A terrible cook (i.e. myself), for example, won’t be able to produce any good dish without following a written recipe to the letter. Take the recipe away, and he or she will be unable to reproduce the dish, let alone learn anything about cooking in general. In education, we need to focus less on the recipes and more on the “cooks.”

And metaphors also can be counterproductive in science education: in seeking to understand a metaphor, some students struggle to comprehend the association of the scientific principle and the subject of the metaphor rather than getting inside the theory itself and learning it perhaps through its application to real-life events.

Example. My professor was teaching my class a subject that loosely involved the concepts of gravity and time. To “help,” he cited a method used to calculate traffic flow on the Korean highway system.

Travel on the Korean highway system became a metaphor for describing the force of gravity.

This metaphor is complex and abstract, and it proves my point. It did nothing to advance my thinking.

Ultimately, the Korean highway system has nothing to do with gravity.

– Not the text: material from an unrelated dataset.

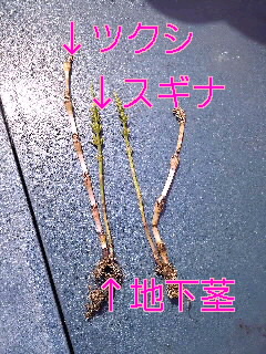 この土筆に引き続いて、細い線状の緑の葉っぱが出てくる。

When science education, in my experience, has been effective, it has been so because the teachers have inspired me along with their other students to do original research—to look for relevant real-life applications and teach theoretical concepts step-by-step with clarity, not with obliqueness or with simple recipes or metaphors.

I believe that science teachers can and should act as coaches (to use a metaphor that works) to put science into the capable hands of their students. They should also fervently believe in their students.

Sir Ken Robinson, Ph.D., internationally recognized expert in the study of human innovation and creativity, said in a speech in 2006 that, “My contention is that all kids have tremendous talents, and we [in education] squander them, pretty ruthlessly.”

As part of being coached, students must ask their teachers questions that they cannot ask their textbooks: i.e. the “mass-produced” and silent professors, if you will (most students, including myself, would agree that reading a textbook is like chewing on a dried leaf).

Referencing a book, listening to a lecture, or learning a concept one way is just the beginning if the student is inspired to cultivate his or her own understanding and application of the subject. Coaches know that, of course.

To be sure, teaching methods involving the techniques of recipe and metaphor learning will work with some students in a classroom (I’m not making any universal claims)—but if even one student is lost in the complexities of the subject being taught, that’s one too many.

The author is a student in the School of General Studies.